Aanvankelijk zag niemand in Bruge het nut in om de molen herop te bouwen. Het zag er naar uit dat ook de stad Brugge zou ingrijpen om de wal op te kopen en te nivelleren, net zoals dat nog een laatste keer gebeurd was in 1894 met de stenen oliemolen "De Engel" op de Smedenvest. Er kwam echter reactie, dit maal uit katholieke hoek van o.m. de krant "La Patrie'. Ditmaal besliste het stadsbestuur het resterende molenlandschap van de Kruisvest te bewaren. De oude molenwal werd in 1906 door de stad aangekocht. Deze stond enkele jaren bloot aan ontgraving, waardoor de teerlingen verdwenen.
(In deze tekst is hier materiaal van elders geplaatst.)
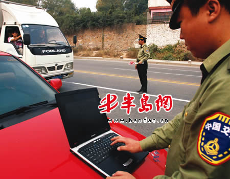 10月9日,青岛市公路局、交通稽查部门联合执法,在全市的多个重点路段,集中开展车辆养路费缴纳检查活动。稽查人员只要输入行驶的车辆车牌号码,手提电脑立刻就能显示出它的养路费征收情况。
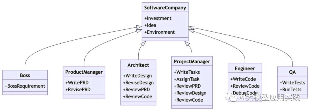 这种多Agent协作型的助手可以借助Multi-Agents框架来简化开发与实现。比如MetaGPT,可以根据自然语言描述的开发任务,组建Agent团队(PM、架构师、程序员、QA等),遵循SOP并最终输出完整软件开发的成果(文档、代码、API说明等)。
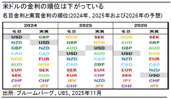 G10通貨国の名目金利と実質金利の順位は、米ドルが今年軟化した理由と、CIOが2026年に下落を予想する根拠を示唆している。インフレ率上昇により、米国の実質金利は2026年に下から3番目となり、日本とスイスのみが米国を下回る見通しである。

Enkelen wisten de schatrijke aannemer Emmanuiel De Cloedt, die het huis aan de hoek van de Burg met de Hoogstraat bewoonde (het latere hotel "Saint Georges", inmiddels ook gesloopt) te overhalen om iets voor Brugge te doen. Wellicht meer om prestigeredenen en ook een beetje om politieke, schonk hij 5000 frank in 1911 om de driezolder-staakmlen in de Oliebergstraat te Olsene aan te kopen, te laten ontmantelen en op de plaats van de verdwenen molen te laten heroprichten. Op 15 juli 1911 werd de molen ingehuldigd, waarbij Decloedt en zijn vrouw en twee dochters, toenmalig burgemeester Amédée Visart de Bocarmé, schepen Louis Ryelandt en de West-Vlaamse gouverneur Albert Ruzette aanwezig waren. De nieuwe molen werd gedoopt met de naam van zijn voorganger en bleef dus "Bonne Chiere" heten.

De molen werd in Brugge nooit in werking gebracht, hetgeen sporen nalaat op de nagenoeg ledige molenkast. De molen dient enkel als sieraad bij de Kruispoort. Door het dynamiteren van de Kruispoort tijdens de tweede wereldoorlog, werd de buitendeur losgeslagen en kraakten enkele weegplanken af. Zo kon het volk in de molen en werd wat brandhout weggesleept. De verdere uitsloop kon gelukkig verhinderd worden.

Onderhoudswerken

- 1938: nieuwe geklinknagelde roeden (fabrikaat Verhaeghe, Ruddervoorde)
- 1961, oktober-november: nieuwe kruisplaten, teerlingblokken, staart, papen en bekleding van de molenkast door molenmaker Robert Van de Kerkhove uit Ingelmunster
- 1968: nieuwe gelaste roeden door molenmakers Peel uit Gistel
- 1987: nieuwe steenbalk door de molenmakers Peel uit Gistel.
- 2009: herstel en schilderen van de molenkast door NV Nijs uit Deinze.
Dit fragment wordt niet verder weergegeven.